Возможно все. Мне ли не знать, в самом деле.
Чего Мораг так и не смогла простить своей матери – жизни на широкую ногу. Я признаю это со скрипом, но признаю, Альба не была блестящей матерью, но была потрясающей бабушкой. Мы учимся всему со временем, правда? Мораг не прощает ей легкого налета эгоизма, Мораг не прощает ей пятен на ее идеальной репутации, и многие детали, огромную часть правды о себе, Альба уносит с собой в могилу. Она все смеялась: «Да это же мерзость, сначала плачущие родственники, а потом пара поколений и эти могилы оказываются заброшенными и безымянными, я не хочу этого совершенно. Развейте мой прах над морем. Никаких могил. Это неэкологично, в конце концов!»
Я не знаю, чем именно занималась бабушка и ее «мальчики» в молодости, знаю только, что для одного из них это закончилось тюрьмой, Альба не любила об этом говорить, но любила о нем скучать. Старший брат вышел сухим из воды, получил все и остался с Альбой, этот брак не продержался долго, старший брат – дедушка, которого я не знала, был потрясающей историей о том, как деньги портят людей, и Альба не говорила об этом, господи, как же о многом молчала Альба.
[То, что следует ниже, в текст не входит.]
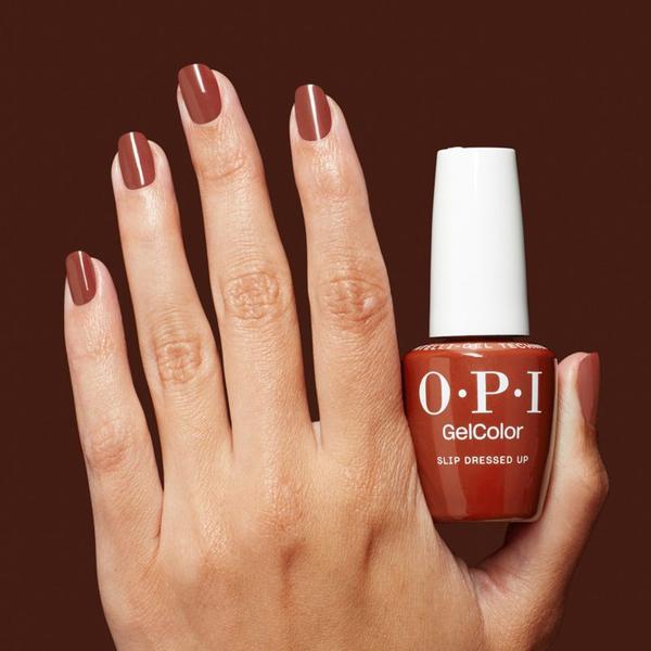 Lac de Unghii Semipermanent Hema-Free - OPI Gel Color, Mani-tude Collection, nuanta Slip Dressed Up, 15 ml: colectia OPI Mani-tude OPI readuce in atentie vibe-ul anilor ’90, reinterpretat intr-o nota moderna, printr-un mix de nuante indraznete, jucause si sofisticate. De la tonuri retro reinventate, pana la nuante intense si surprinzatoare, colectia OPI Mani-tude iti ofera libertatea de a-ti exprima personalitatea si atitudinea prin manichiura. Oja semipermanenta OPI Gel Color detine tehnologia OPI Intelli-Gel ce asigura o acoperire intens pigmentata si o rezistenta indelungata. Sistemul OPI GelColor Intelli-Gel™ ofera o aplicare perfecta a lacului de unghii, se auto-corecteaza la fiecare aplicare si ramane fixat pe unghie, iar formula vegana cu pigmenti intensi de culoare asigura pana la 3 saptamani de purtare profesionala.
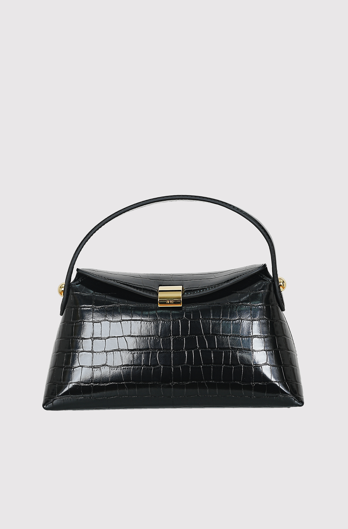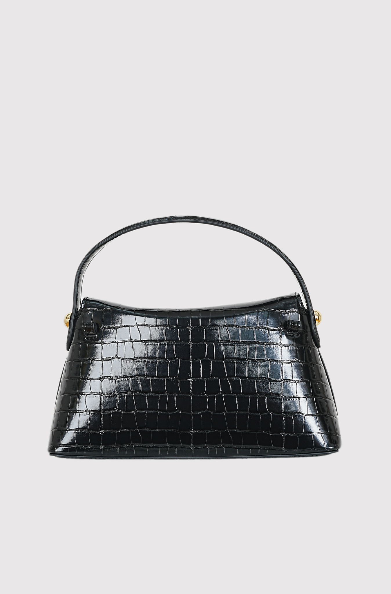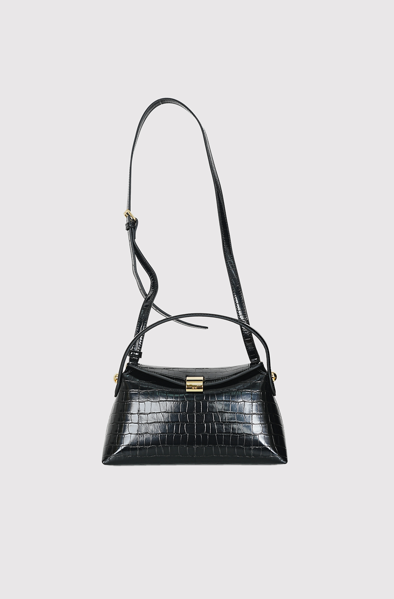 This piece is crafted from structured vegan leather with crocodile embossing and features elegant golden hardware. It boasts a sleek, glossy finish and includes one detachable, adjustable crossbody strap for versatile wear.
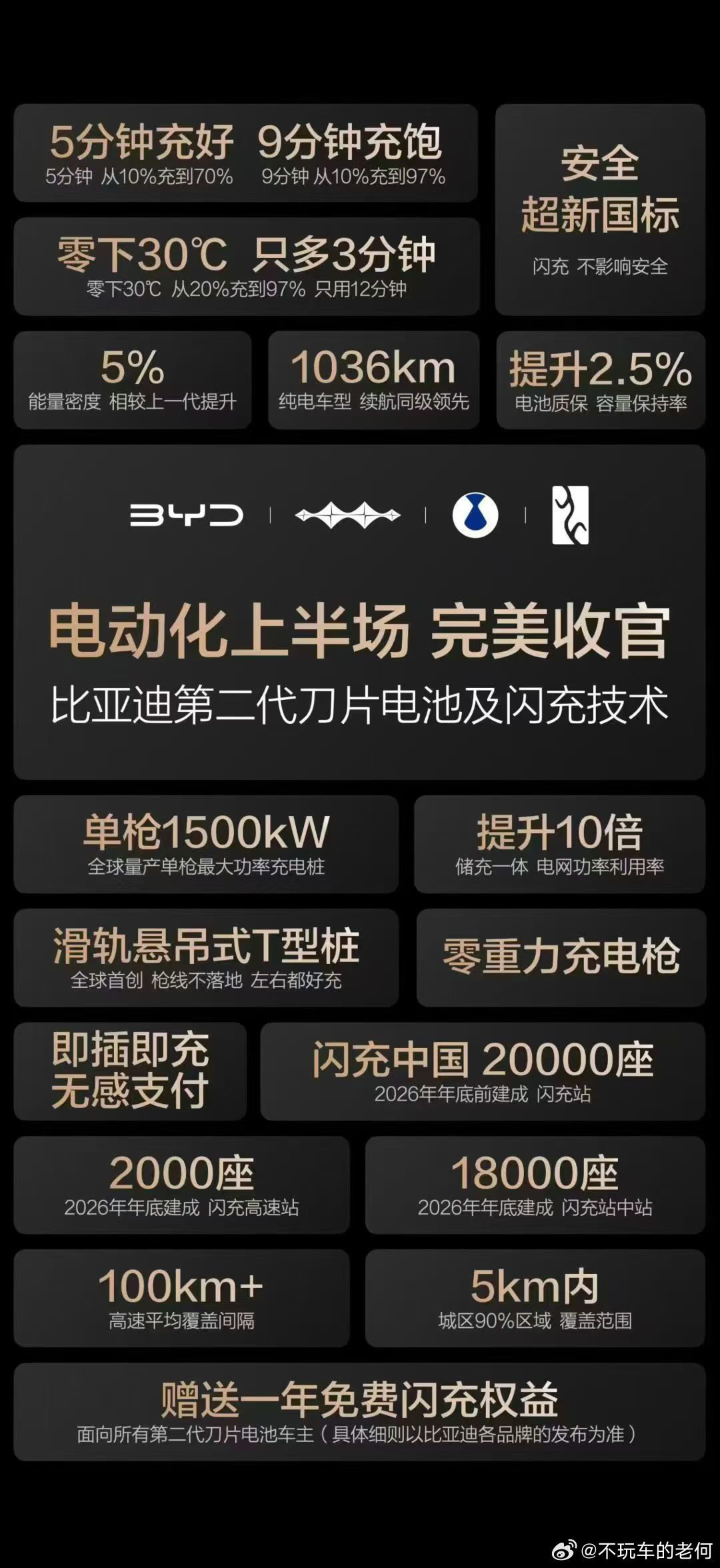 以比亚迪做事情的速度,这2万座闪充站不会花很长时间。这一波发布会属实是攒了一波大的,昨晚上朋友圈里比亚迪各品牌的人刷屏,上至大区,下至基层员工就没停过,太可怕了充电速度和续航是新能源时代最核心的需求,解决充电问题才是沉下来做事的样子。比亚迪
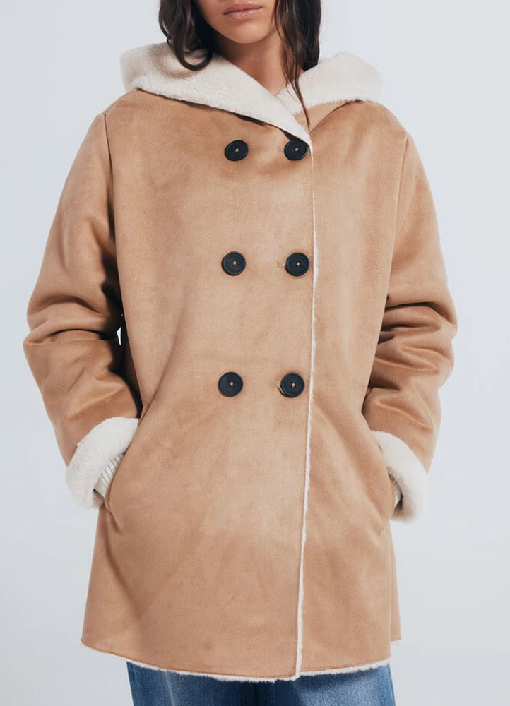 Double face, double breasted coat with hood, inner fur, and two side pockets.
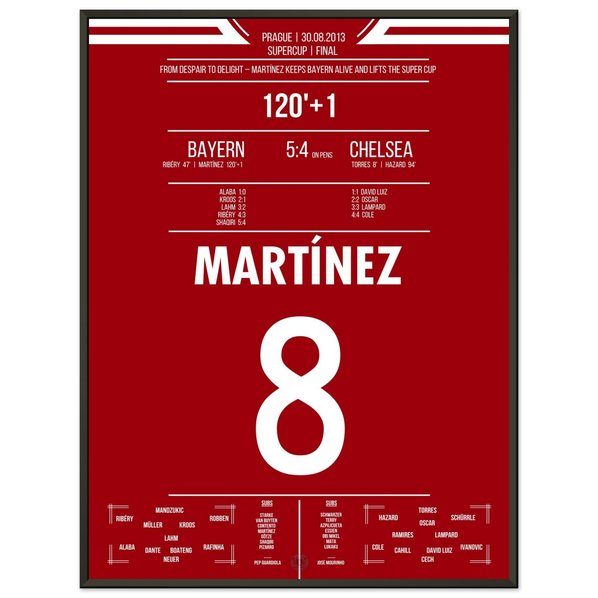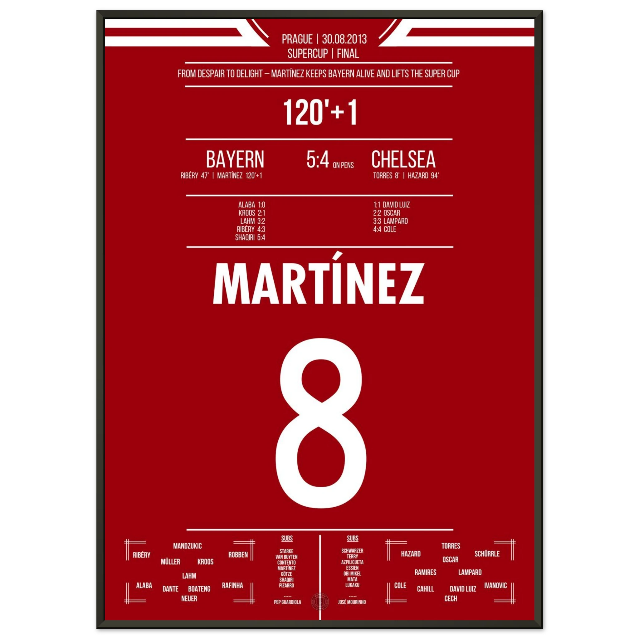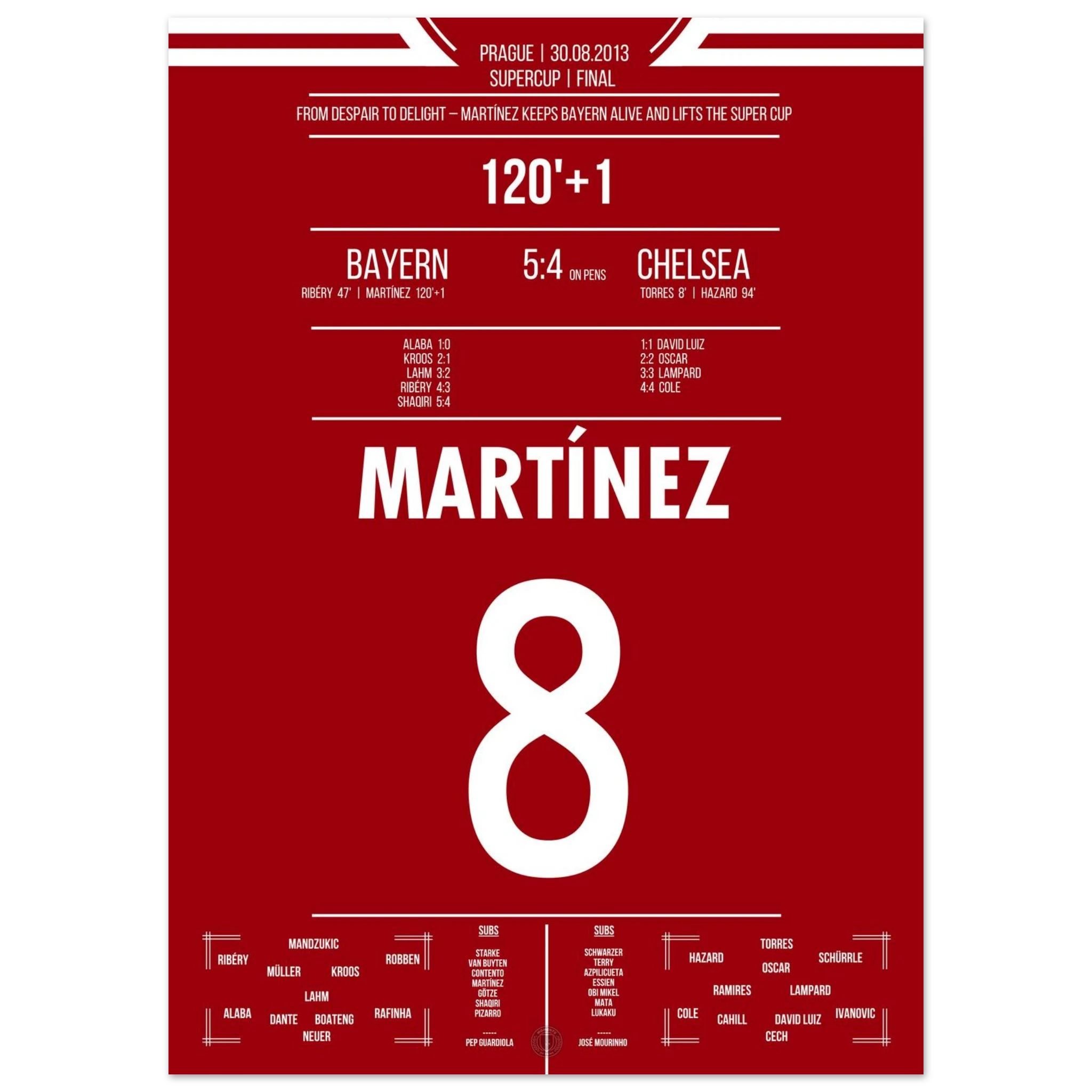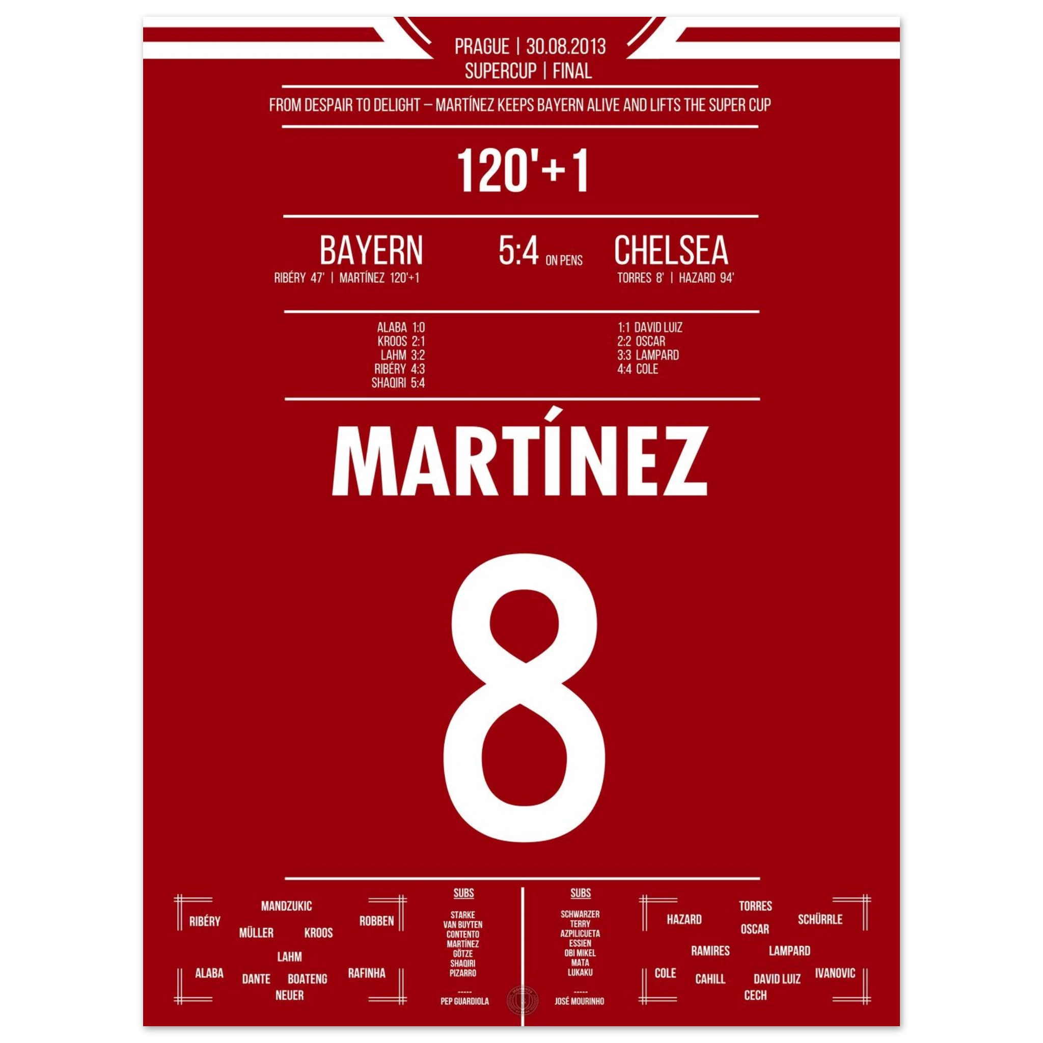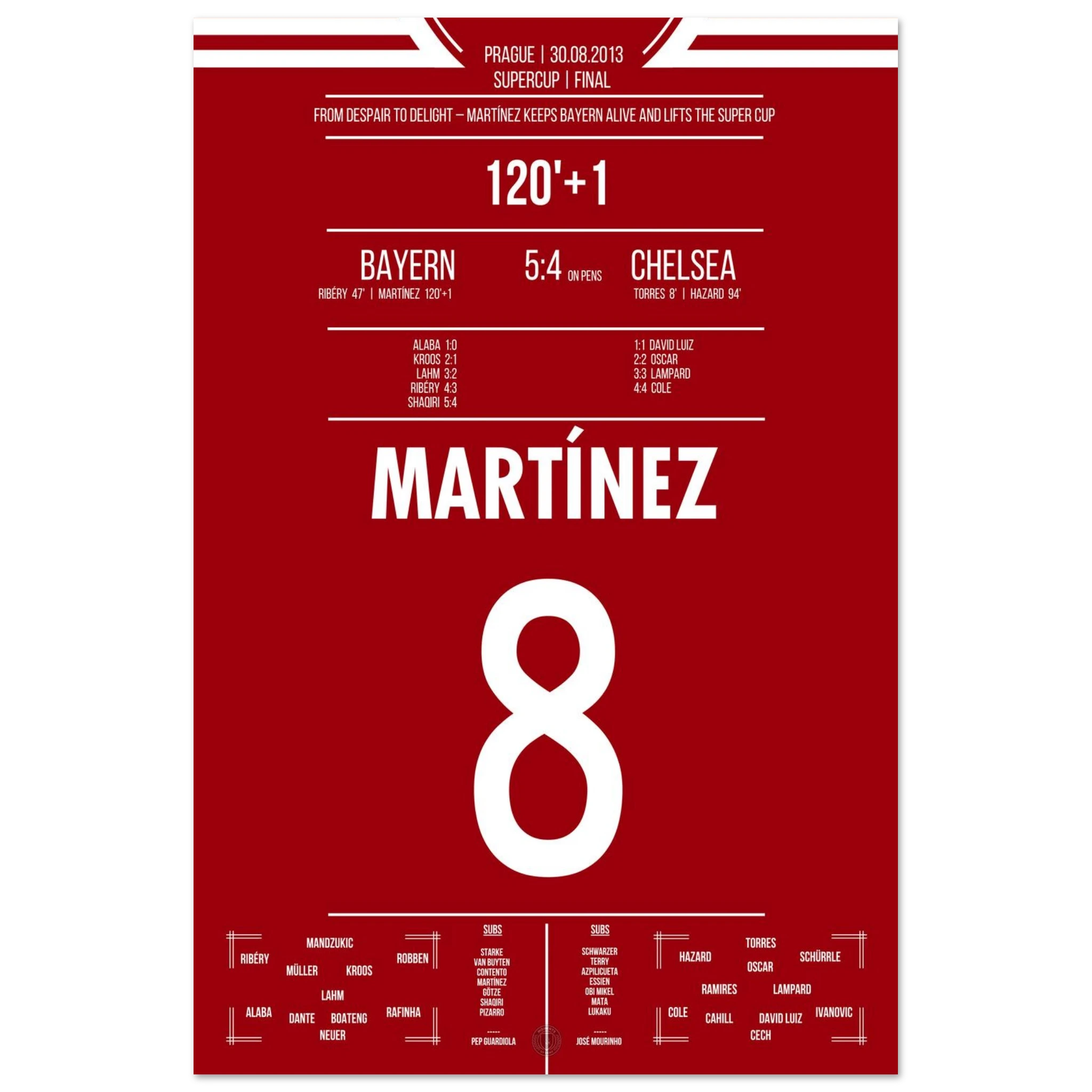 Im europäischen Supercup sorgt Javi Martínez in der 121. Minute für Ekstase: Mit seinem Treffer in der Nachspielzeit der Verlängerung rettet er München ins Elfmeterschießen. Dort behalten die Roten die Nerven und sichern sich den Titel gegen Chelsea.
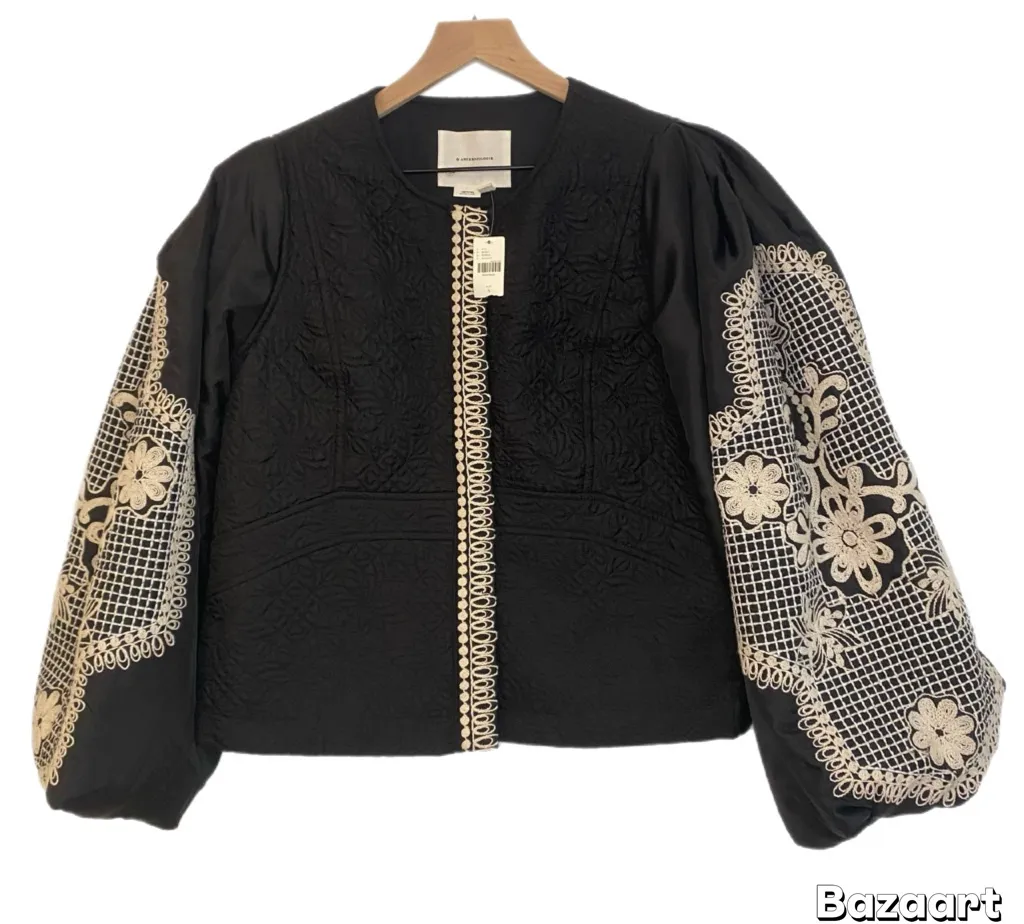 Elegant black jacket with intricate embroidery. Perfect for adding a touch of sophistication to any... Show more
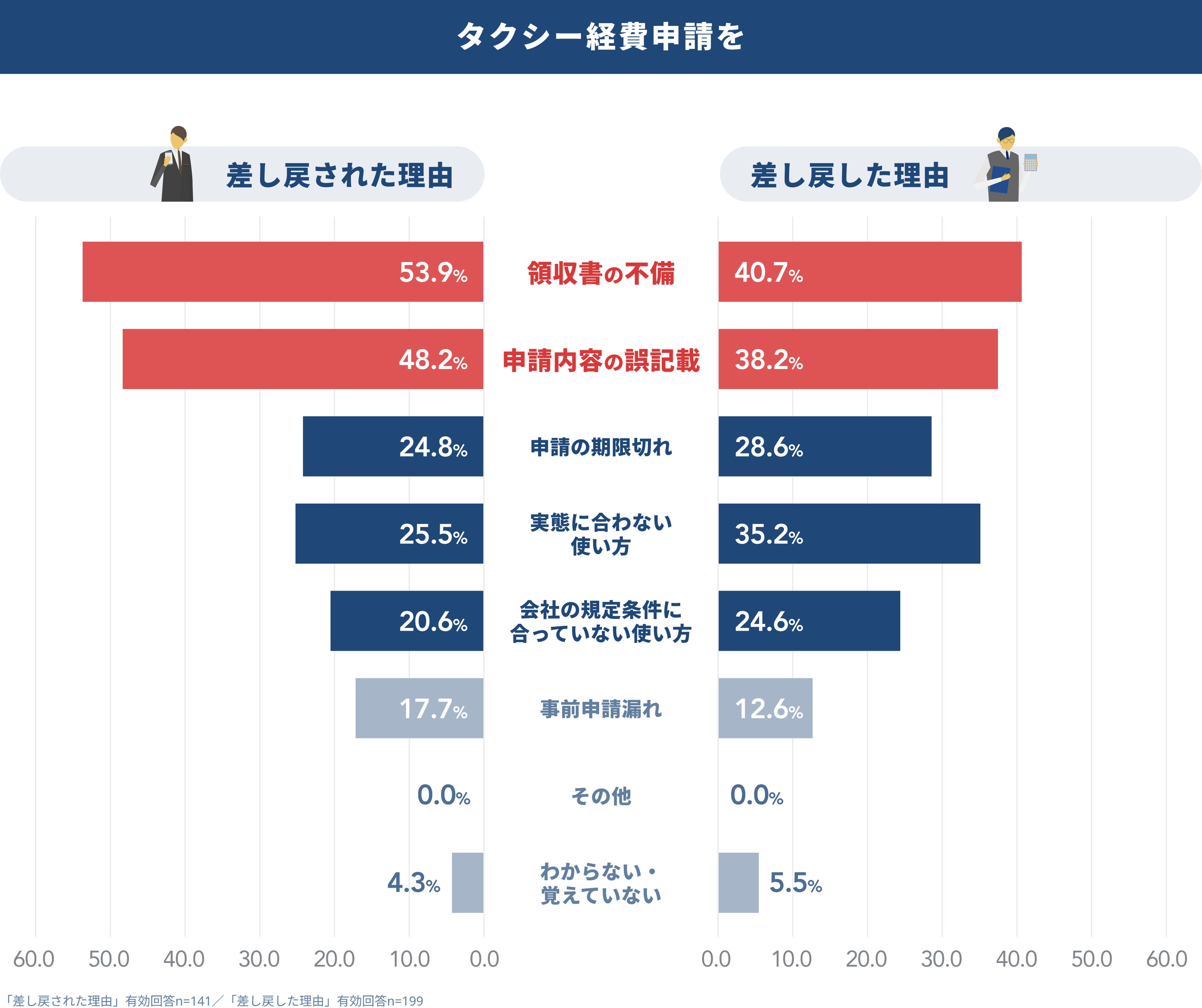 3. タクシー経費精算の差し戻し理由の背景は「領収書の不備」。

Не говорила ни о том, почему тетушка Изабель попала в немилость к отцу и потеряла покровительство своей семьи, не говорила, почему Альба не вмешалась, не говорила о том, почему они расстались и за что именно сидит младший брат дедушки.
Я знаю только голые факты, и когда копаюсь в письмах Альбы, нахожу от младшего дедушки – целую стопку. Ни слова о причинах и следствиях, только просьбы не ждать, ни слова о любви, но она капает, сочится из каждой буквы.
Мораг не прощает ей отца-преступника – она родилась через полгода после его заключения, Мораг не прощает ей массу вещей.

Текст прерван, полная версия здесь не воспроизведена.